His Highness Sheikh Ahmed bin Saeed Al Maktoum, Chairman and Chief Executive, Emirates Airline and Group, said: “The COVID-19 pandemic continues to take a tremendous toll on human lives, communities, economies, and on the aviation and travel industry. In 2020-21, Emirates and dnata were hit hard by the drop in demand for international air travel as countries closed their borders and imposed stringent travel restrictions.
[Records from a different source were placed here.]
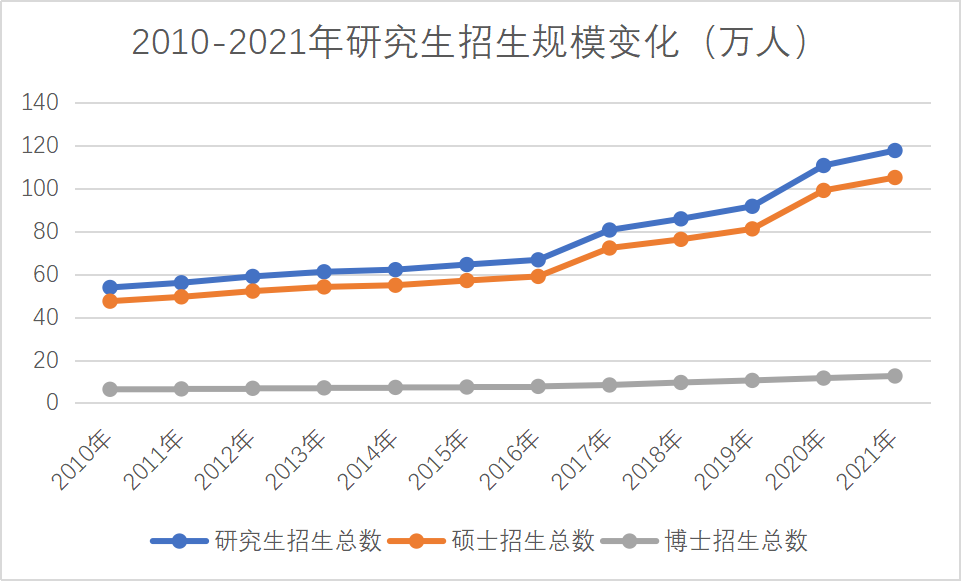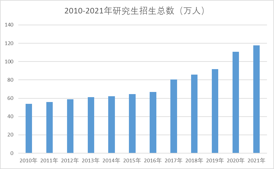 伴随高等教育的普及化,近年来,我国研究生招生规模持续扩大。2011年研究生招生总人数56万, 2021年则达到了近117.65万。十年间,研究生招生总人数增长近一倍。尤其是2020年招生中,为应对疫情带来的冲击,缓解就业压力,当年研究生招生增长20.7%,创下近年增长新高。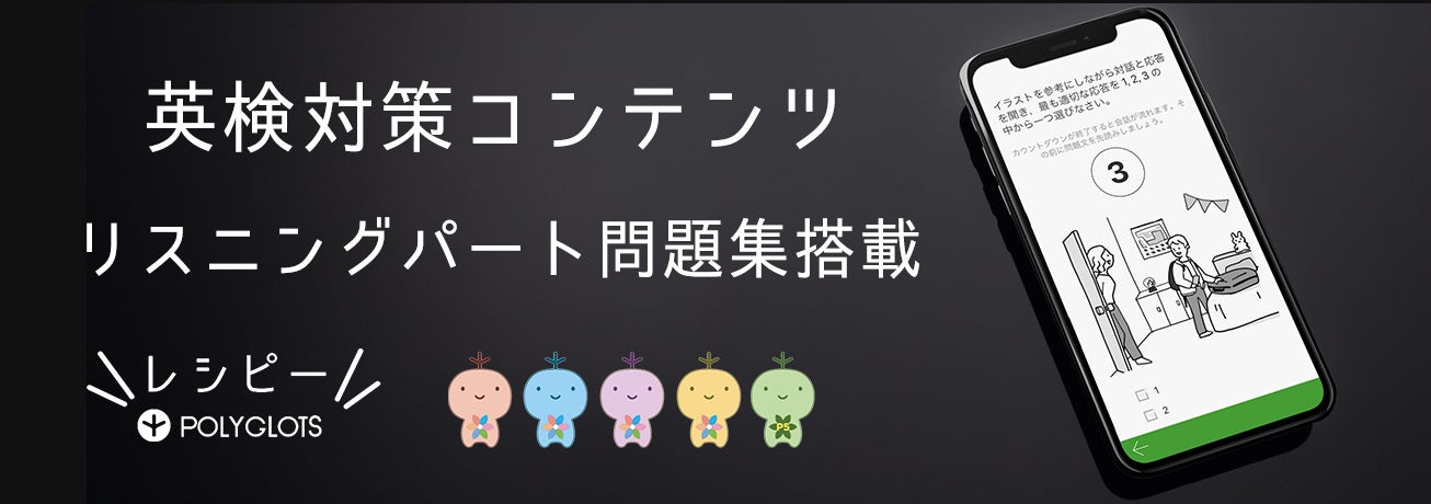 英検対策にも強い英語学習アプリ『レシピー』が、リスニングパート対策問題集を搭載しました。 - 株式会社ポリグロッツ( POLYGLOTS )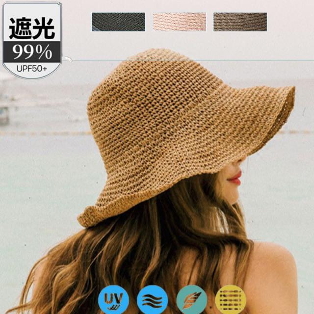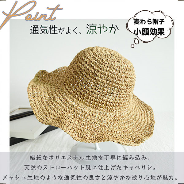 ポイント超超祭 ストローハット レディース 帽子 麦わら帽子 無地 折りたたみ つば広 キャペリンハット 日焼け止め 紫外線対策 天然素材 プレゼント 旅行 小顔効果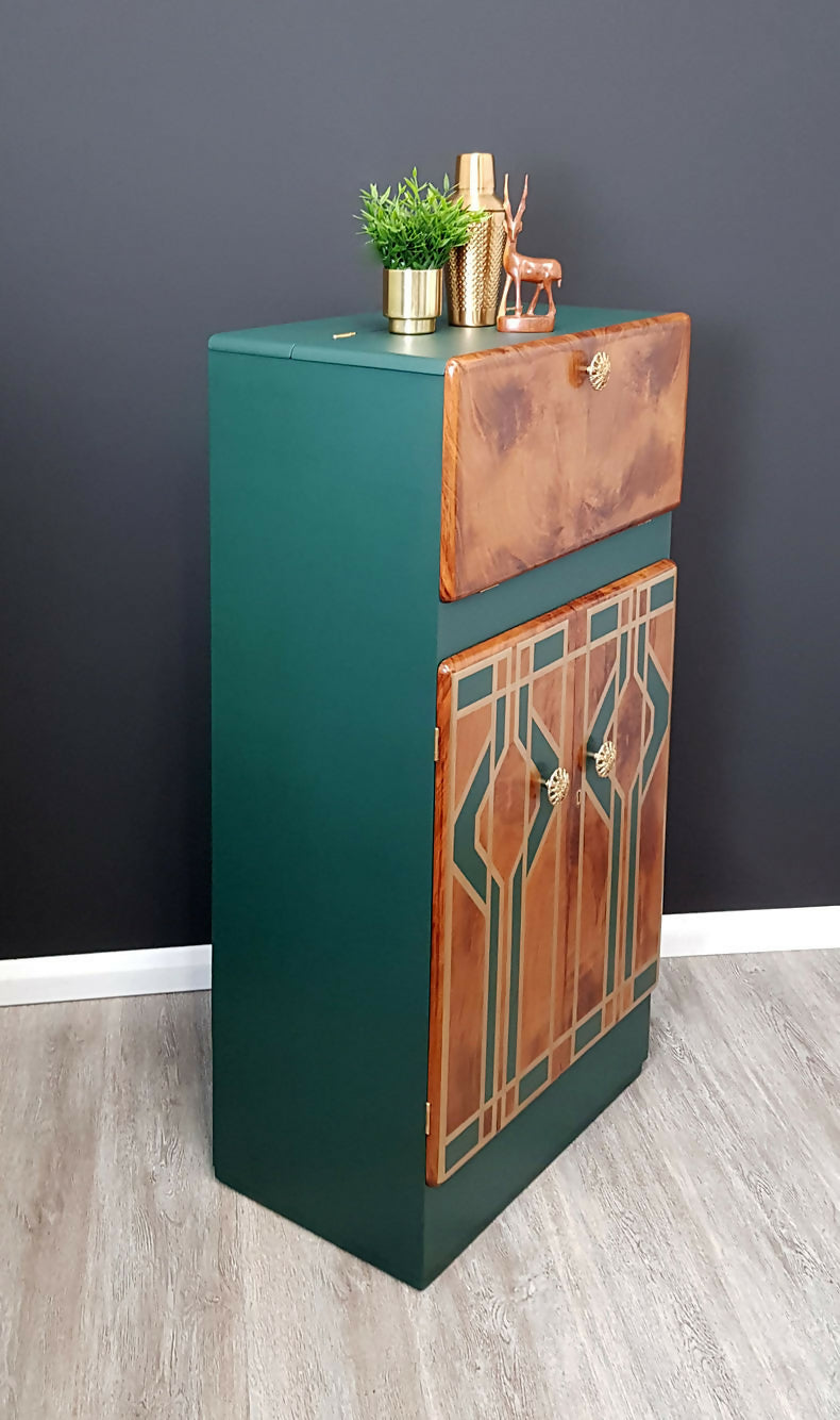 Art Deco Cocktail Cabinet, Teal Green Drinks Cabinet.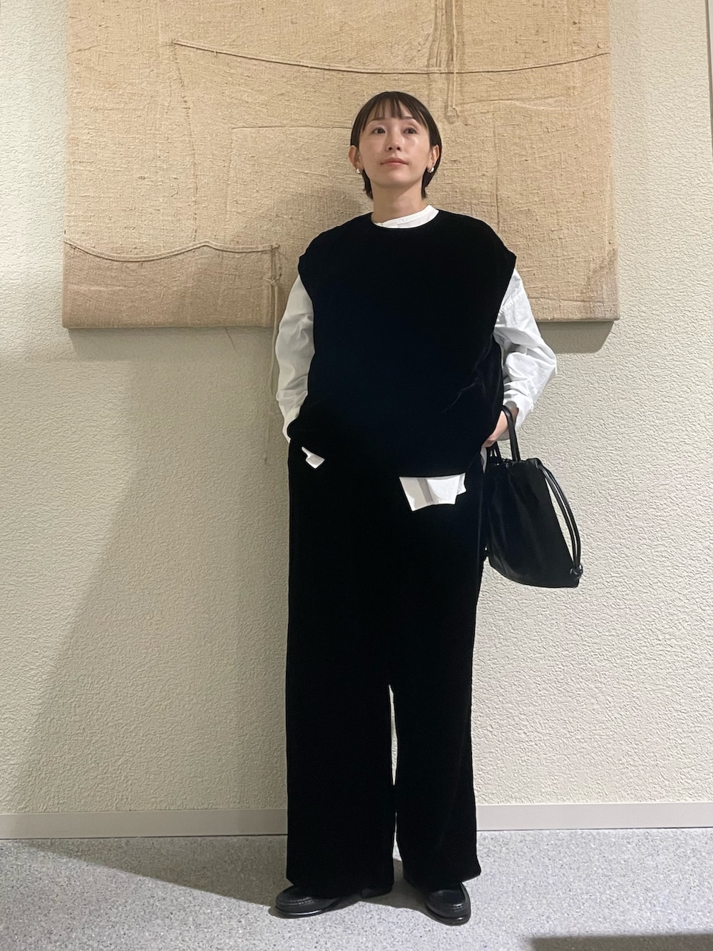 レーヨンシルクベルベットプルオーバーとレーヨンシルクベルベットパンツ、店頭でもこの肌触りが気持ち良すぎるベルベット生地の虜になってくださる方が多いです🥺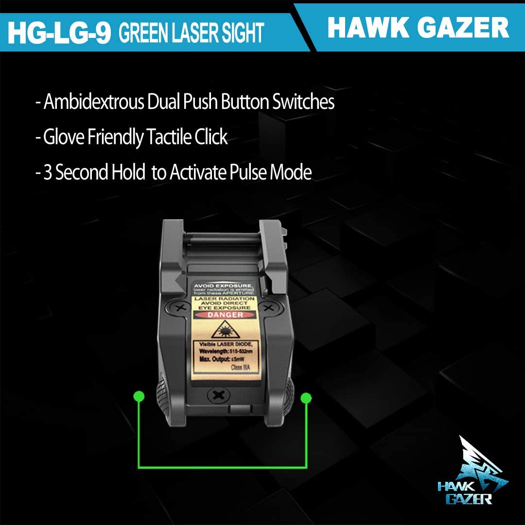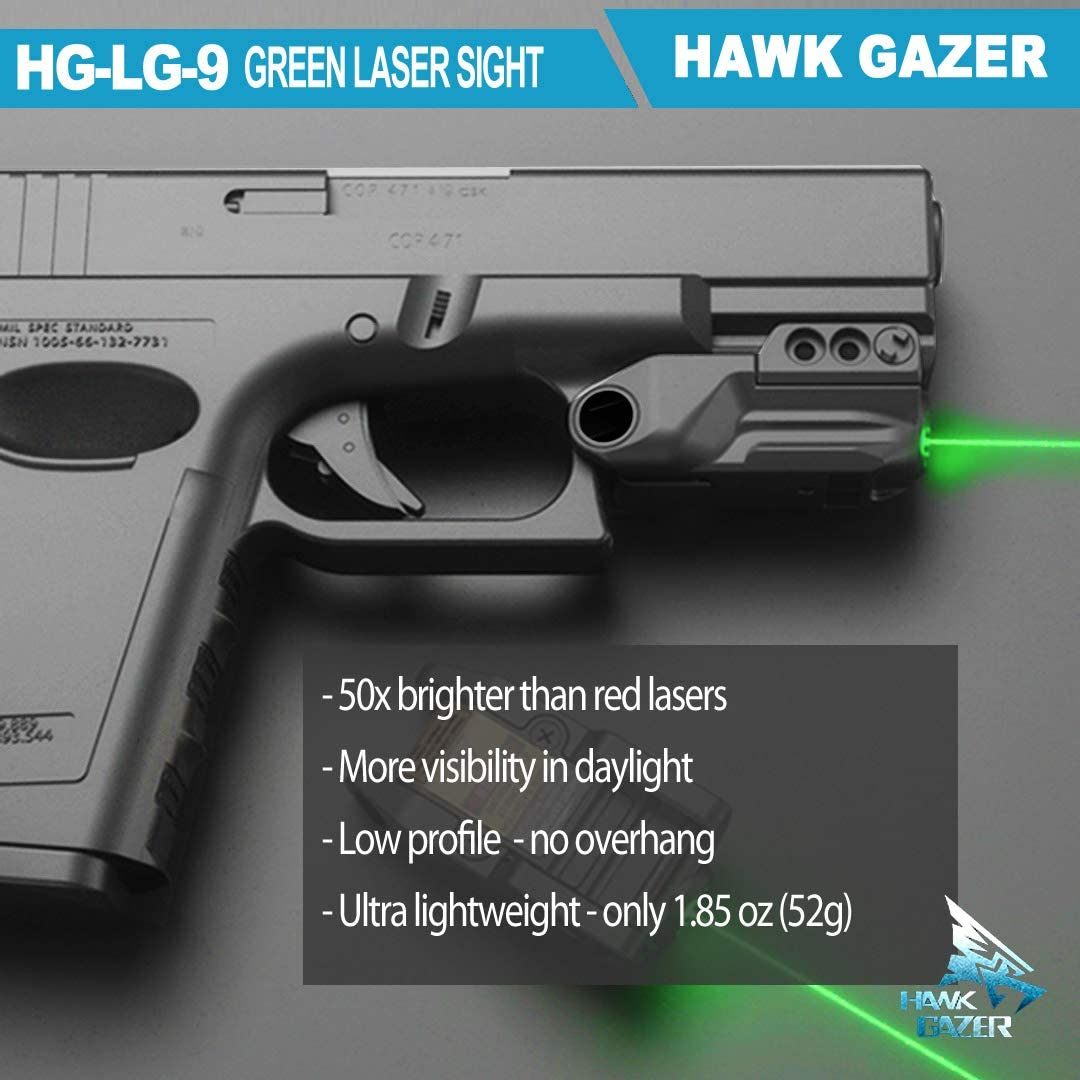 HAWK GAZER LG9 Low Profile Rechargeable Green Laser Sight, for Handgun, Pistol, Rifle with Rails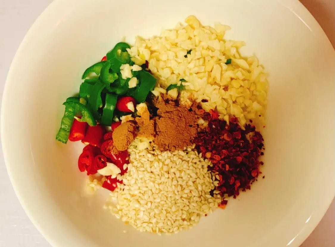 准备蒜末,白芝麻,小米辣,青椒,五香粉,辣椒面。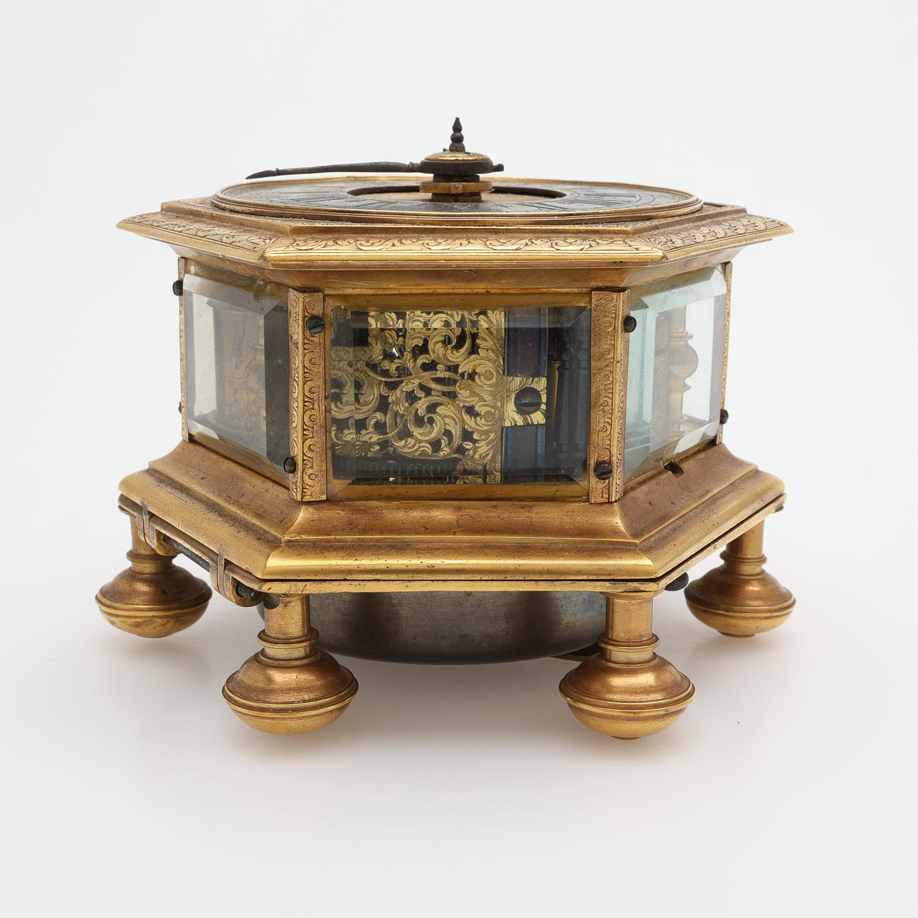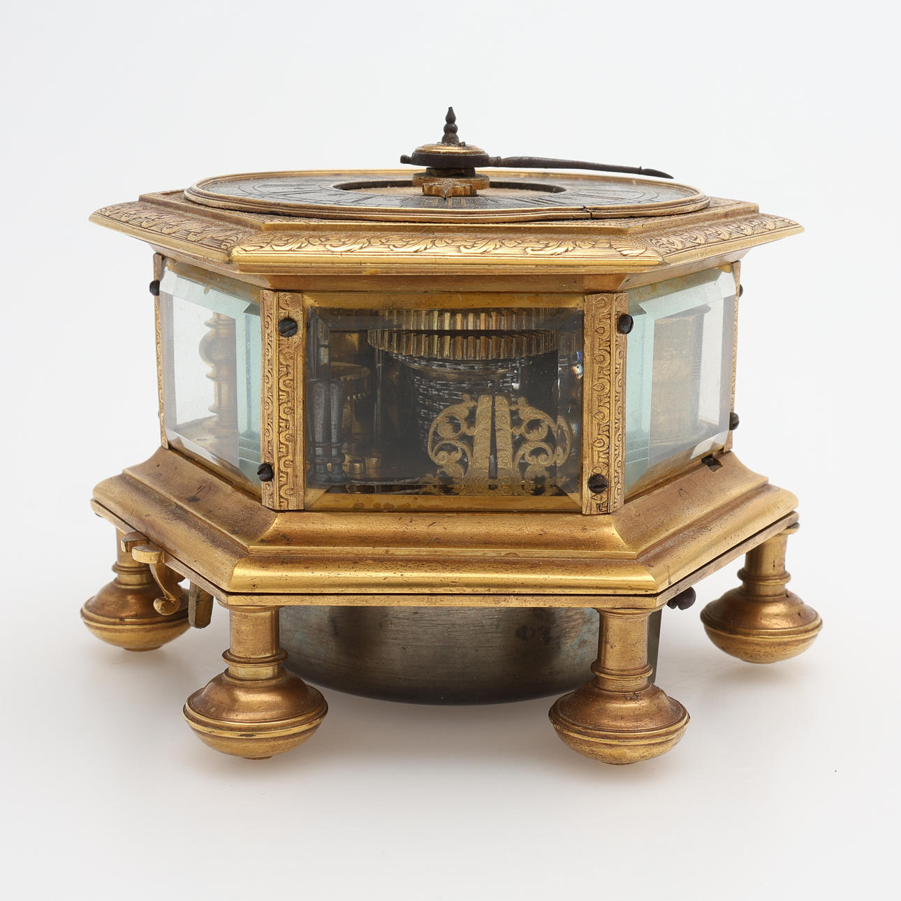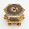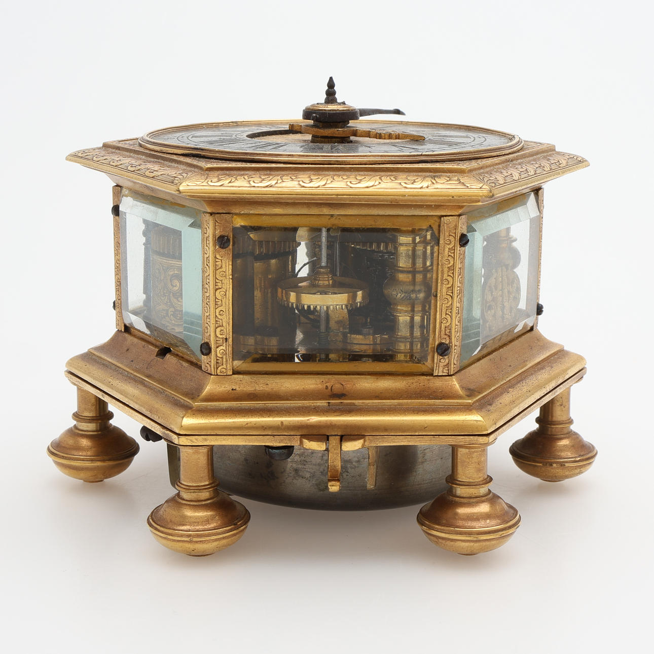 Barokki, Saksa, itsekierteittävä hämähäkkikäytävä, avaimenmääritys, ca 1700, kullattua messinkiä viistolasikaseteilla. Sarjanumero 233, halkaisija 103 mm, korkeus 77 mm.

“Our top priorities throughout the year were: the health and wellbeing of our people and customers, preserving cash and controlling costs, and restoring our operations safely and sustainably. Emirates received a capital injection of AED 11.3 billion (US$ 3.1 billion) from our ultimate shareholder, the Government of Dubai, and dnata tapped on various industry support programmes and availed a total relief of nearly AED 800 million in 2020-21. These helped us sustain operations and retain the vast majority of our talent pool. Unfortunately, we still had to make the difficult decision to resize our workforce in line with reduced operational requirements.”

Emirates Group reduced 33 percent of its total workers to 75,145 employees due to redundancies brought by the COVID-19 pandemic. That coupled with tight cost controls, restructured financial obligations, consolidated operations, among others, meant the company saved around USD 2.1 billion.

Sheikh Ahmed said: “No one knows when the pandemic will be over, but we know recovery will be patchy. Economies and companies that entered pandemic times in a strong position, will be better placed to bounce back. Until 2020-21, Emirates and dnata have had a track record of growth and profitability, based on solid business models, steady investments in capability and infrastructure, a strong drive for innovation, and a deep talent pool led by a stable leadership team. These fundamental ingredients of our success remain unchanged. Together with Dubai’s undiminished ambitions to grow economic activity and build a city for the future, I am confident that Emirates and dnata will recover and be stronger than before.”

He concluded: “In the year ahead, we will continue to adopt an agile approach in responding to the dynamic marketplace. We aim to recover to our full operating capacity as quickly as possible to serve our customers, and to continue contributing to the rebuilding of economies and communities impacted by the pandemic.”